Dillon to proceed with roundabout study for County Road 51 housing project

Council warms to idea of town assistance due to self-annexation possibilities

This rendering shows a proposed workforce housing development on U.S. Forest Service land outside of Dillon. Dillon Town Council is moving forward with laying the necessary groundwork to get it developed, particularly a study for roundabouts in the area.
Norris Design/Courtesy photo

Though Dillon Town Council was disappointed to learn in March that U.S. Forest Service will not apply for annexation for County Road 51 housing project, the town is moving forward with laying the necessary groundwork to get it developed, particularly a study for roundabouts in the area.

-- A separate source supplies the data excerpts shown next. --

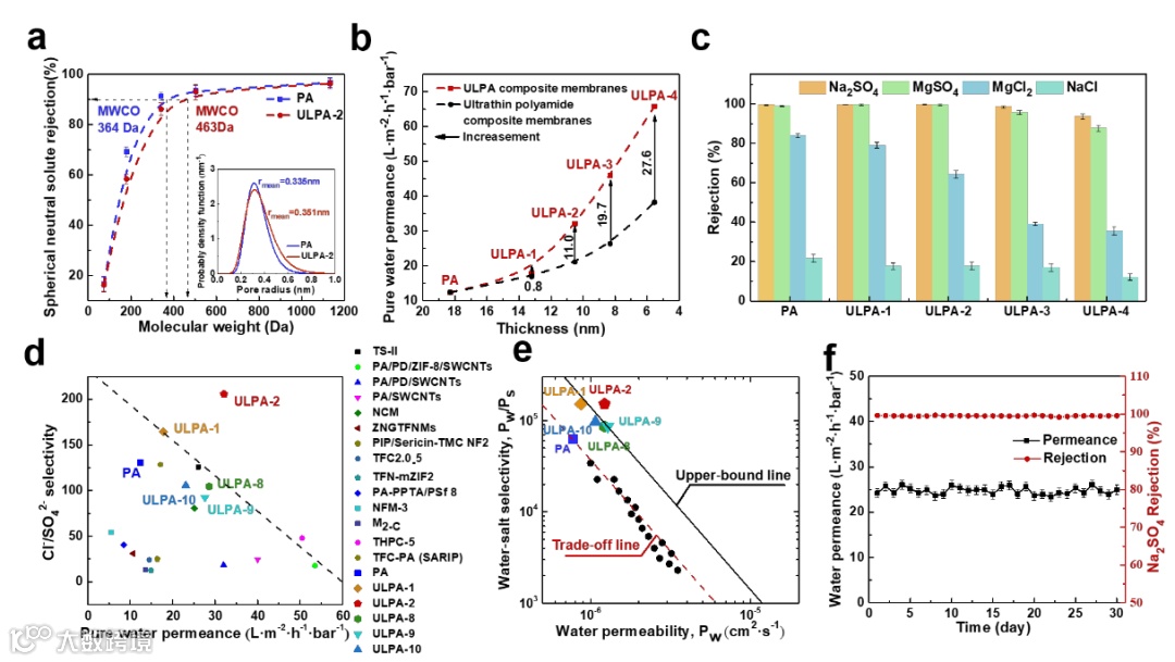 图2. a) ULPA复合膜的截留分子量,插图:平均孔径和孔径分布;b) ULPA复合膜的纯水通量随膜厚度的变化;c) GQD浓度对ULPA复合膜盐截留的影响;d) ULPA复合膜的Cl-/SO42-选择性;e) ULPA复合膜的水渗透性和水盐选择;f) ULPA复合膜30天运行的稳定性
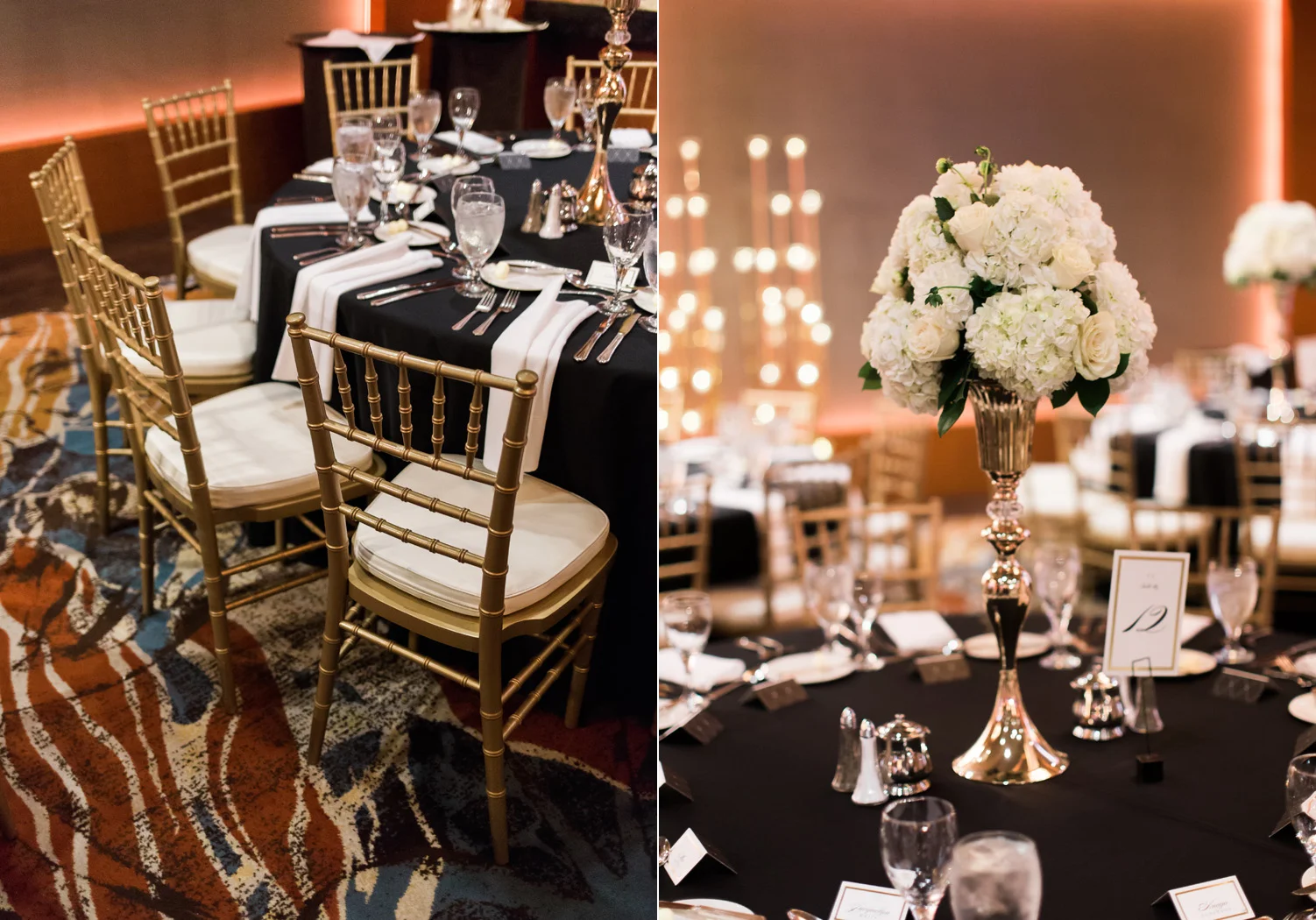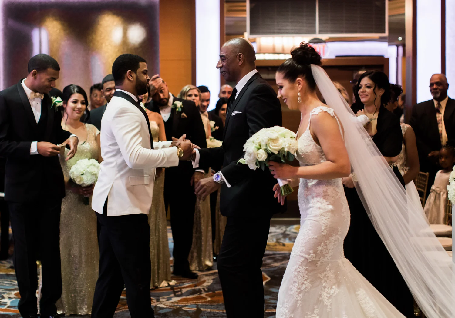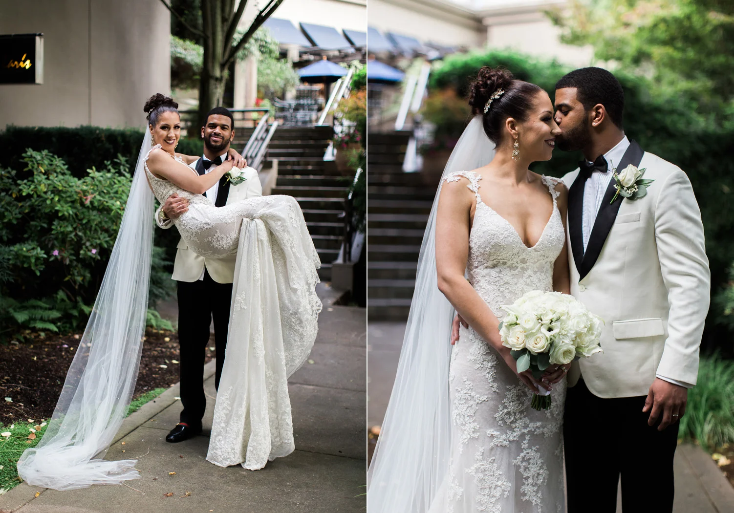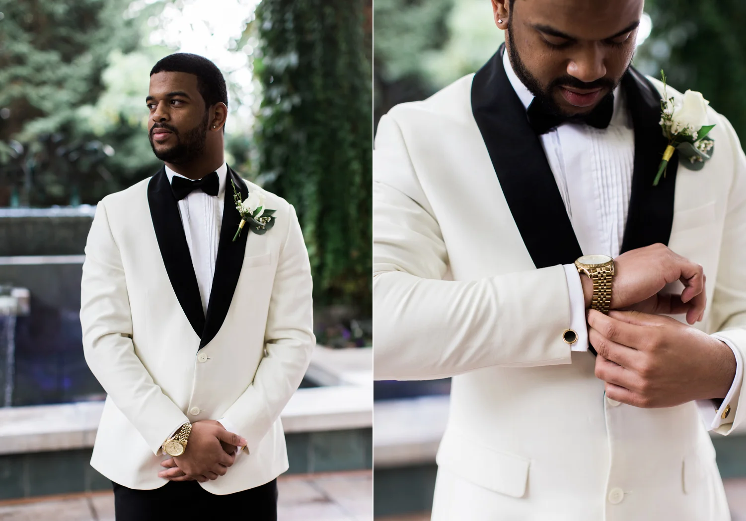 There are elegant weddings and then there are masterfully planned and completely stunning black tie affairs that are memorable beyond all belief. I am so happy to have been Taylor & Ja’Juan’s wedding photographer! When I first met with Taylor she told me of her vision to have a black and gold wedding, very refined, simple but very classic. Her vision came to life in stunning fashion at their wedding held at The Bellevue Club in Bellevue, WA. Taylor’s beautiful lace dress was a perfect compliment to her groom’s creme jacket, along with gold bow ties on all the groomsmen to match the bridesmaids’ dresses. Everything throughout the entire wedding day was so beautiful.
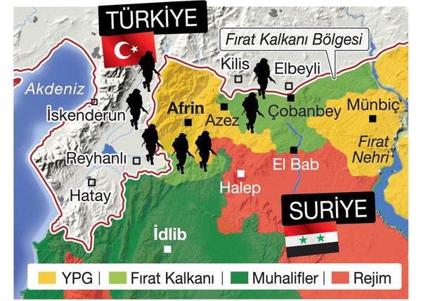 Türkiye’nin 2017 yılı içinde 3 kez Afrin’e operasyon gerçekleştirmeyi planlarken teknik hazırlıkların tamamlanmasına rağmen diplomatik kanallardan beklenen olumlu sonuçlar alınamadığı için operasyonu askıya aldığı belirtildi. Bölgede bulunan Türk Silahlı Kuvvetleri’nin ise fiziki istihbarat ve havadan sağladığı görüntülü istihbarat bilgilerini örtüştürmek üzere özel operasyon merkezi ile bölgedeki gelişmeleri son 45 günden bu yana dikkatle izlendiği öğrenildi.
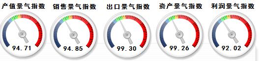 从分指标运行指数来看,2012年7月中轻产值景气指数94.71(上月 96.47)、销售景气指数为94.85(上月 95.22)、出口景气指数99.30(上月 101.10)、资产景气指数99.26(上月 100.03)、利润景气指数92.02(上月 92.04)。与上月相比,分指标景气指数均呈现进一步下降趋势。
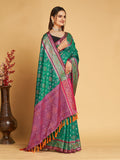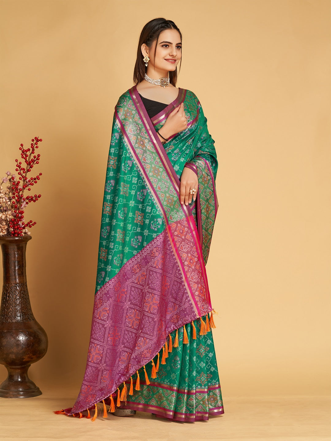 Make A Vibrant Statement With This Stunning Patola Saree Adorned With Intricate Geometric And Floral Motifs In Traditional Patterns. The Rich Emerald Base Is Beautifully Complemented By A Striking Pink And Pallu, Embellished With Golden Zari Detailing And Diamond-Shaped Designs That Exude Festive Charm. Crafted From Soft Silk Fabric, It Ensures A Graceful Drape With A Luxurious Feel. Ideal For Weddings, Festive Occasions, And Cultural Celebrations, This Saree Pairs Perfectly With Gold Jewellery For A Regal Ethnic Look.
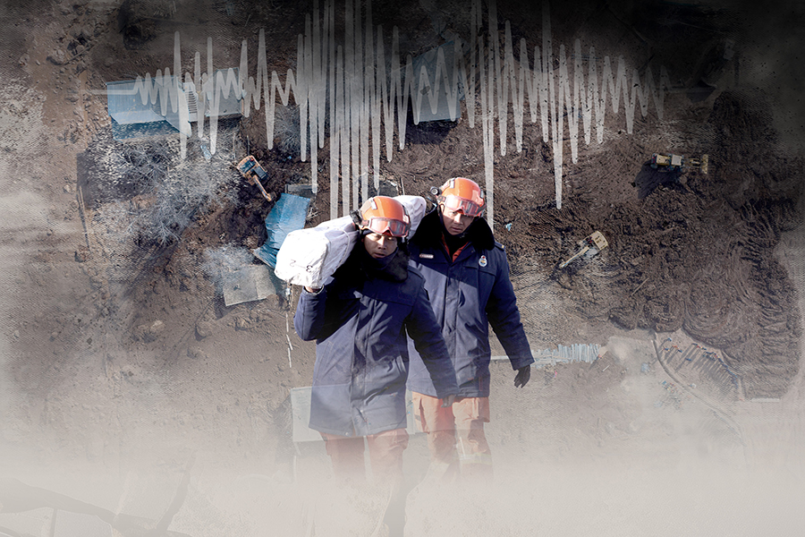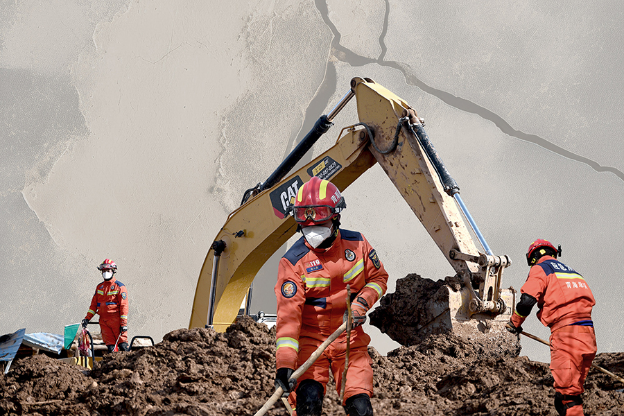 Rescuers search for survivors on Wednesday in Minhe county, Haidong, Qinghai province, after a sand boil triggered by Monday's earthquake left homes buried in mud and debris. Many houses that survived the temblor sank to the ground after the sand boil, a natural phenomenon that occurs when groundwater under pressure after an earthquake comes out to penetrate the sandy layer. TIAN WEITAO/FOR CHINA DAILY
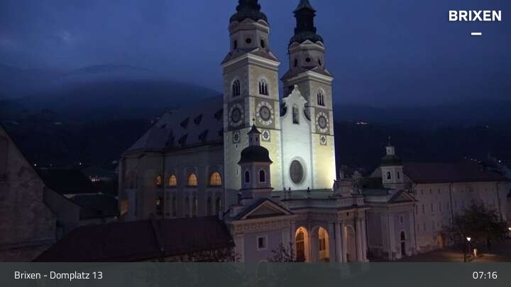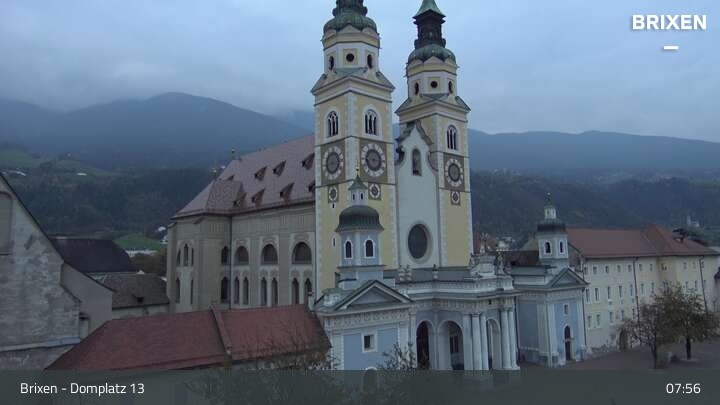 Zu sehen ist der Dom und der Domplatz im Zentrum der Stadt Brixen in Südtirol.
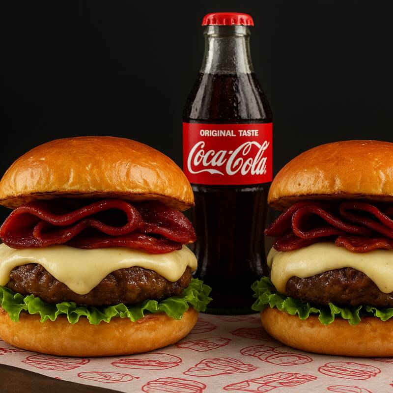 2 Hamburguesa Bacon + 1 Coca Cola 400: Pan artesanal, carne de res, 1ueso mozarella, tocineta, lechuga fresca, cebolla, tomate, salsas, SIN PAPAS a la francesa
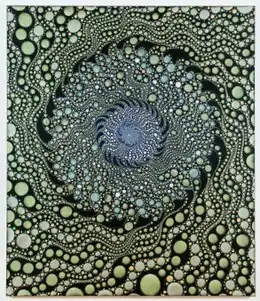 Barbara Takenaga (born 1949) is an American artist known for swirling, abstract paintings that have been described as psychedelic and cosmic, as well as scientific, due to their highly detailed, obsessive patterning.[1][2][3] She gained wide recognition in the 2000s, as critics such as David Cohen and Kenneth Baker placed her among a leading edge of artists renewing abstraction with paintings that emphasized visual beauty and excess, meticulous technique, and optical effects.[4][5][6][7] Her work suggests possibilities that range from imagined landscapes and aerial maps to astronomical and meteorological phenomena to microscopic views of cells, aquatic creatures or mineral cross-sections.[8][9][10] In a 2018 review, The New Yorker described Takenaga as "an abstractionist with a mystic’s interest in how the ecstatic can emerge from the laborious."[11]
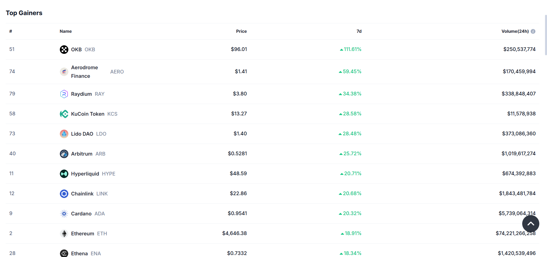 OKB led with a massive 111% jump to $96.01 after OKX announced plans for a one-time burn of over 65 million tokens, cutting its fixed supply down to 21 million. Aerodrome Finance followed with a 59% rise to $1.41, while Raydium gained 34%.

The project’s goal is to develop an estimated 177 units that are a mix of studio and one-, two- and three-bedroom apartments on an 11-acre site currently used by the Forest Service for housing, a maintenance shop and storage. The Forest Service would still like to utilize the space with 25 seasonal beds, two to five two- to three-bedroom units and an approximately 5,000-square-foot storage and maintenance building.

The added population density means two roundabouts will be installed in the area to handle traffic. One is planned for the intersection of U.S. Highway 6 and Lake Dillon Drive and another for Evergreen Road and Piney Acres Circle.

Recently, the town issued a request for proposals for development planning, consulting and potential site development. At a work session Tuesday, April 19, council discussed proceeding with studying the feasibility of both roundabouts as an intergovernmental agreement with the Summit County government is underway.

Town Engineer Dan Burroughs said it would cost a total $168,000 to study both roundabouts. Though there was discussion on opting just for the larger one on Lake Dillon Drive, it was decided that both would be more efficient. If the cost of analyzing the roundabout on Evergreen Road and Piney Acres Circle is split with the county, Dillon would likely pay around $116,000 total.

“It’s going to be cheaper to do it now than come back … in a year or two years and try to figure out the additional work that needs to be done,” Burroughs said. “If we get halfway through this study, we can always pull the plug if things aren’t working out … It’s just due diligence.”

Council member Jen Barchers, serving her last meeting before Dana Christiansen and Tony Scalise were sworn in later in the evening, wanted to make sure organizations like Summit Fire & EMS were involved to give input, and Burroughs said getting stakeholders together is one of the first things they’ll do.

Later in the work session, Town Council learned that once the development is finished, the residents could vote to annex themselves into Dillon proper. Town Planner Ned West said the tenants could petition for it, have an election and overrule the one vote property owner — the Forest Service — gets. Town Attorney Nick Cotton-Baez added that it lets the people decide for themselves and the vote just has to be a majority. The renters count as voters. Cotton-Baez also said that Town Council could pass a resolution of support for the annexation petition once its created.

“That makes it more palatable to me,” Barchers said. “… That changes things for me and makes it easier to keep investing our portion.”

Mayor Carolyn Skowyra, agreed.

“I think that’s great,” she said. “That seems like a much cleaner, and easier and cheaper way to do it.”

West reiterated how impactful of a workforce housing project this could be for the economy, and he mentioned that he’s seen restaurants and places like the Dillon Medical Center actively search for employees. Town Manager Nathan Johnson said that there is a sizeable business interest, with some reaching out to propose the idea of being a funding partner in exchange for dedicated units or rooms for employees.

“There’s a big need out there, and it’s only going to grow,” Johnson said.